I was lucky to find an investor who loved my script, my short films, and some photos I’d taken for Viva, and offered to fund it on an unrealistically low budget. I was very naïve about the cost of producing a feature film. I was doing and making so much myself that we really were saving a fortune by not hiring a proper art department, but we still ran way over budget. My investor stuck by me though, and we were able to finish the movie. Now that I look at it I can’t believe we shot it for such a low amount, when I hear how much other people spend on much simpler and less visual films.

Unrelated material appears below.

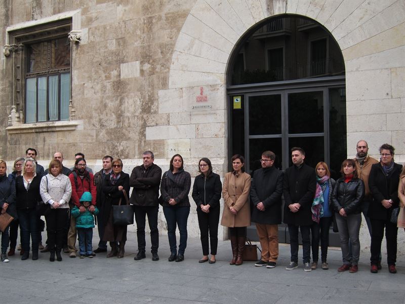 Els partits polítics amb representació en les Corts han rebutjat aquest dissabte la violència de gènere que “colpeja a tots” i que “afecta a tota la societat” amb tres minuts de silenci a la porta del Palau de la Generalitat, com a acte repulsa pel presumpte cas de violència de gènere ocorregut a Torrevella en el qual, segons les primeres investigacions, un home va matar la seua dona i la seua filla i posteriorment es va suïcidar.

The story has something of a feminist edge that's similar to Russ Meyer's Faster, Pussycat
I wanted to make a movie about what it would be like to be a woman in 1972 who bought into everything that the sexual revolution promised to women: freedom, equality, pleasure. Suddenly the message out there was that a woman who enjoyed sex was not a bad person, but a liberated person in charge of her own destiny. When she goes out with all of this optimism her hopes are slowly crushed, because she realizes that the utopia she had imagined is impossible within the actual world of relations between men and women. That was the original point of VIVA, and on top of that I put all of the pleasure, fun, and weirdness of the style and strangeness of that time, to make the audience feel like they were really there. I do consider myself a feminist in a general sort of way, in that I’m consciously trying to create a subjective and pleasurable space for women on the screen.
Where did you come up with the crazy cast of characters in VIVA? Each one is
more outrageous than the next.
I took some of the characters from VIVA from my own life (a little stylized, but the pickup lines are the same), and from movies and television from the 60s and 70s. Some of the actors studied particular characters in sexploitation movies to create their characters, with my guidance. But I mainly wanted to represent a cross-section of stereotypes from the 70s. I think stereotypes are key in creating comedy, and I wanted to produce that uncanny feeling of being inside a Playboy advertisement or British sex comedy or nudie flick.
I’ve finished the script and am doing production design for my next feature, a movie about witchcraft tentatively called The Love Witch, about a woman in the 70s who uses witchcraft to make men fall for her, with disastrous results…. I’m also working on scripts for a couple of sexy short films. One takes place in a circus and involves trapeze artists, the other is about a prostitute and her customers in London circa 1905.